**Supplied data**
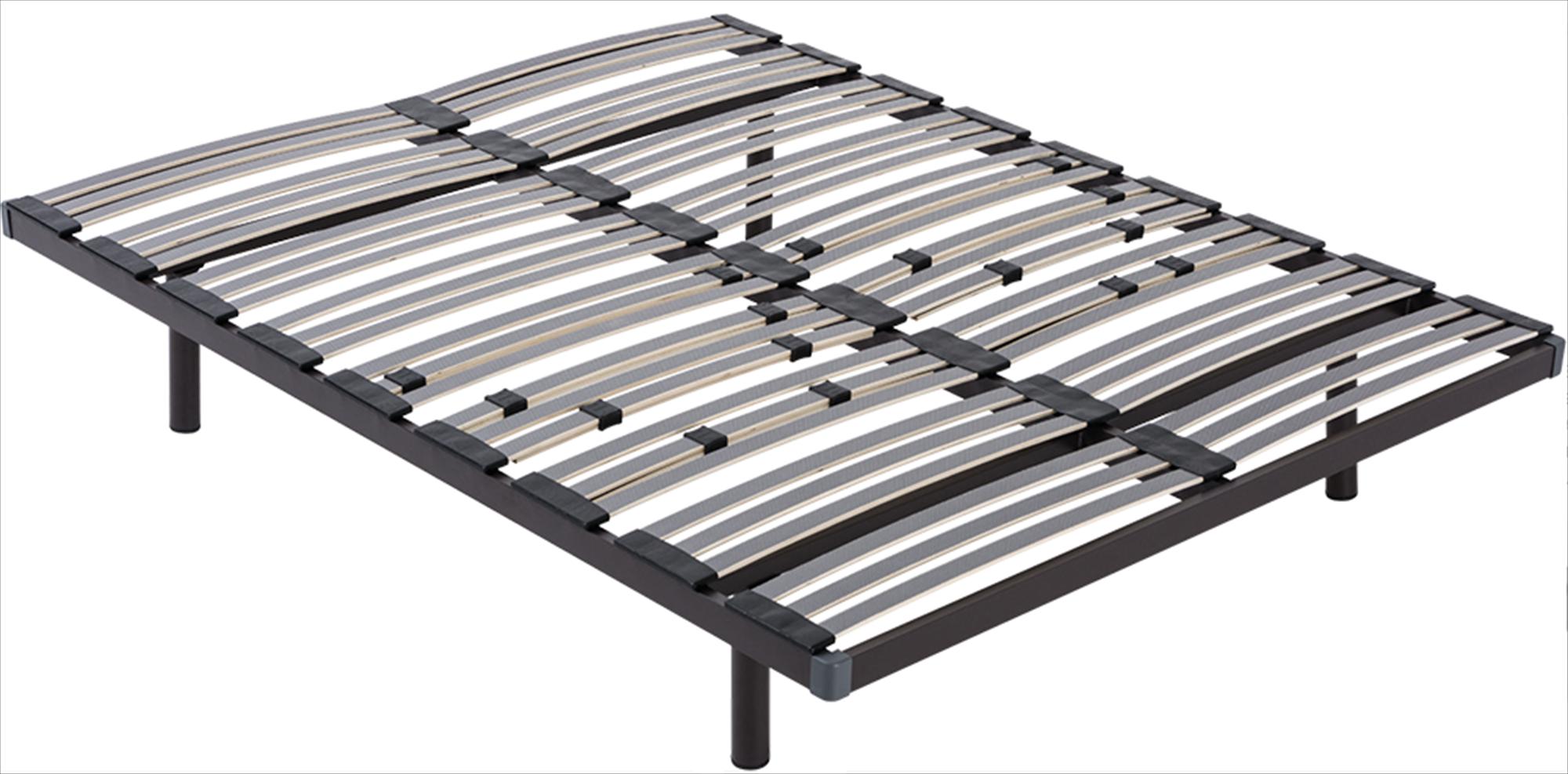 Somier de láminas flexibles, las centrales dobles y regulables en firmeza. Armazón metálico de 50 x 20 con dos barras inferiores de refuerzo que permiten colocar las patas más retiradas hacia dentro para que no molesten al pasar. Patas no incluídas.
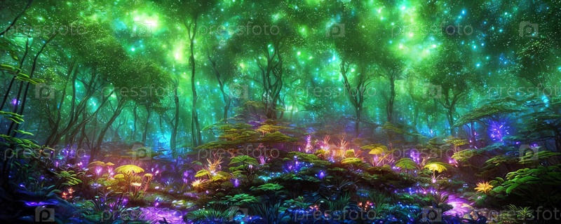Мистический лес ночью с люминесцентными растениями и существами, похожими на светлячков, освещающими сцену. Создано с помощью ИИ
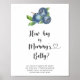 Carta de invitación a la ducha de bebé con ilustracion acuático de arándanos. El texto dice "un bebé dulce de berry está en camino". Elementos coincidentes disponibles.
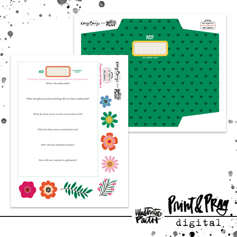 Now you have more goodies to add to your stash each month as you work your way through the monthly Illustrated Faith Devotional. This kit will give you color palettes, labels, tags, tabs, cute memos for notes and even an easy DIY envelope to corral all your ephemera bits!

**Your task**
In your copy of the listing above, every line must match exactly and no picture may appear.

**Output for this exercise**
 Somier de láminas flexibles, las centrales dobles y regulables en firmeza. Armazón metálico de 50 x 20 con dos barras inferiores de refuerzo que permiten colocar las patas más retiradas hacia dentro para que no molesten al pasar. Patas no incluídas.
Мистический лес ночью с люминесцентными растениями и существами, похожими на светлячков, освещающими сцену. Создано с помощью ИИ
 Carta de invitación a la ducha de bebé con ilustracion acuático de arándanos. El texto dice "un bebé dulce de berry está en camino". Elementos coincidentes disponibles.
 Now you have more goodies to add to your stash each month as you work your way through the monthly Illustrated Faith Devotional. This kit will give you color palettes, labels, tags, tabs, cute memos for notes and even an easy DIY envelope to corral all your ephemera bits!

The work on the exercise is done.